Hundreds pack hearing on ‘End-of-Life Options Act’

| September 13, 2019 | 0 Comments

Imam Asad Zaman expressed several concerns about a bill that would allow health care providers to prescribe lethal drugs to people deemed terminally ill. Among them is the need to maintain — and not undermine — the basic moral norm of defending life, the executive director of the Muslim American Society of Minnesota in St. Paul told a legislative committee Sept. 11.

“One institutional safeguard we have placed as a society across religions, across cultural norms, across national origins, is to say every life is dignified, every life is important, every life needs to be defended,” he said.

“I am very worried as a faith practitioner as to what happens in a society when that door gets opened. And I’m worried about a second door being opened, which is we want to interact with doctors on the basis of saving and preserving lives, not on the basis of hastening or enabling death.”

Zaman was among nearly two dozen people who testified at a three-hour information hearing at the State Office Building in St. Paul on a bill titled the “End-of-Life Options Act.”

More than 200 people packed one room and an overflow room at the hearing before the House Health and Human Services Policy Committee. The committee could advance the proposal when the Legislature convenes in February.

Eight states and the District of Columbia have approved medically assisted suicide. Rep. Mike Freiberg, DFL-Golden Valley, is the chief sponsor of the bill.

“These are not people who want to die,” Freiberg told the committee. “These are people who are dying.”

But advocates for the disabled, people who have experienced consequences of similar legislation in other states, and leaders of faith communities including the Minnesota Catholic Conference, the public policy arm of the state’s bishops, testified or offered written testimony in opposition to the proposal. Many also were present at the hearing.

Concerns about the bill include its provision that a person who wants a lethal prescription must have been given six months to live. It’s impossible to know how long someone will live, opponents argued.

The bill does not require a witness to a death, which opens the door to abuse and coercion, and the death certificate wouldn’t list suicide or homicide as the cause of death, but the underlying illness, which would be fraudulent, opponents argued.

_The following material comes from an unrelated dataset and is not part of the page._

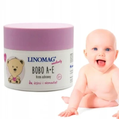 LINOMAG BOBO A + E cream for children and infants day-to-day skin care. It is suitable from birth onwards LINOMAG BOBO A+E protective cream is a perfect blend of vitamin F derrived from linseed oil with vitamins A and E, as well as hypoallergenic lanolin. LINOMAG BOBO A +E is recommended for sensitive, dry and scally skin of children as well as for prone to irritations skin of Mom and Dad. soothes, hydrates and softens the skin; protects from irritations and overdrying; lowers the alkalizing influence of soaps; protects the skin from cracking and itching; easily spreads and absorbes quickly; allows the skin to breathe The cream gently emoliates, hydrates and softens the skin. It is a non-greasy formulation which absorbes quickly. It protects the skin from irritants and bad wheather conditions. Directions for use: gently spread on the skin surface

One person at the hearing, Stephanie Packer from California, where medical aid in dying is legal, described being told by an insurance company that it would no longer cover several of her expensive medications for her pulmonary fibrosis, a result of diffuse scleroderma. She asked what the assisted suicide drug would cost and was told her copay would be $1.20.

The insurance company was denying coverage for care that would help her but cost thousands of dollars, but it was ready to cover less expensive drugs that would kill her, she said.

“I can’t even begin to tell you what that is and what it feels like,” Packer said.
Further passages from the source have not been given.